6. Small-business yard or contractor bays
This is similar to storage, but more B2B: fenced bays, container space, or controlled outdoor storage for small local businesses.
- Pilot investment: 30,000-80,000 EUR for surface, fencing, access, security, and a small number of bays.
- Larger setup: 80,000-200,000 EUR if containers, utilities, better road surface, and more formal bay separation are added.
- Revenue logic: 10-30 bays at 150-400 EUR/month.
- Annual revenue range: 25,000-120,000 EUR.
- Annual operating costs: 8,000-30,000 EUR for maintenance, insurance, security, admin, and vacancy.
- Potential net before tax: roughly 15,000-80,000 EUR/year.
The economics can be attractive, but the fit has to be checked carefully. It can conflict with a premium event or family-estate brand if the layout is not very deliberate.
The current ranking
If I had to rank the ideas today, I would put them like this:
- Secure storage / yard: best first cash-flow test.
- Outdoor family events: best bridge toward the event estate.
- Private event venue: highest upside, highest capital risk.
- Ranch-style concept: interesting only with a serious operator.
- Small rural stays: viable, but hospitality-heavy.

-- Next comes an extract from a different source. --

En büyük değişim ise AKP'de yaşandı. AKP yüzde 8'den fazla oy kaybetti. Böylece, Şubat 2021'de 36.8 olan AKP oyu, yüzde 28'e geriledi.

- B2B yard: strong economics, but brand and planning fit need caution.
That ranking may change as soon as real demand shows up. A serious partner with domain expertise can move an idea up the list quickly. A weak legal or operating fit can move it down just as fast.

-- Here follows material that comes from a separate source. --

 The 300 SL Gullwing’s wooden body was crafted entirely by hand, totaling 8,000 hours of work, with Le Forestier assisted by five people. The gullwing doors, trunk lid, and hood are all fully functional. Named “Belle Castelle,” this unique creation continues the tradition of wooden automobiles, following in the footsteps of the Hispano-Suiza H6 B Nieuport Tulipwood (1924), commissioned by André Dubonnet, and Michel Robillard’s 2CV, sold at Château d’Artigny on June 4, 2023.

Open to serious ideas and partnerships
This is where I would genuinely like input.
If you have operated something similar, or if you have a concrete business idea that could fit this kind of land, I am open to hearing it. I am especially interested in people who bring practical operating knowledge: events, rural tourism, horses, storage, family entertainment, outdoor hospitality, local food, sports, or other land-based businesses.
I am less interested in generic brainstorming and more interested in the details that decide whether a business works:
- What did the first version cost?
- What did customers actually pay for?
- What broke earlier than expected?
- Which permits, insurance, or operational issues mattered most?
- What would you avoid if you were starting again?
If you have a concrete idea, relevant experience, or a possible partnership angle, send me a note at [email protected].
For now, the plan is not to rush into the biggest build. The plan is to find the smallest serious test that teaches something true.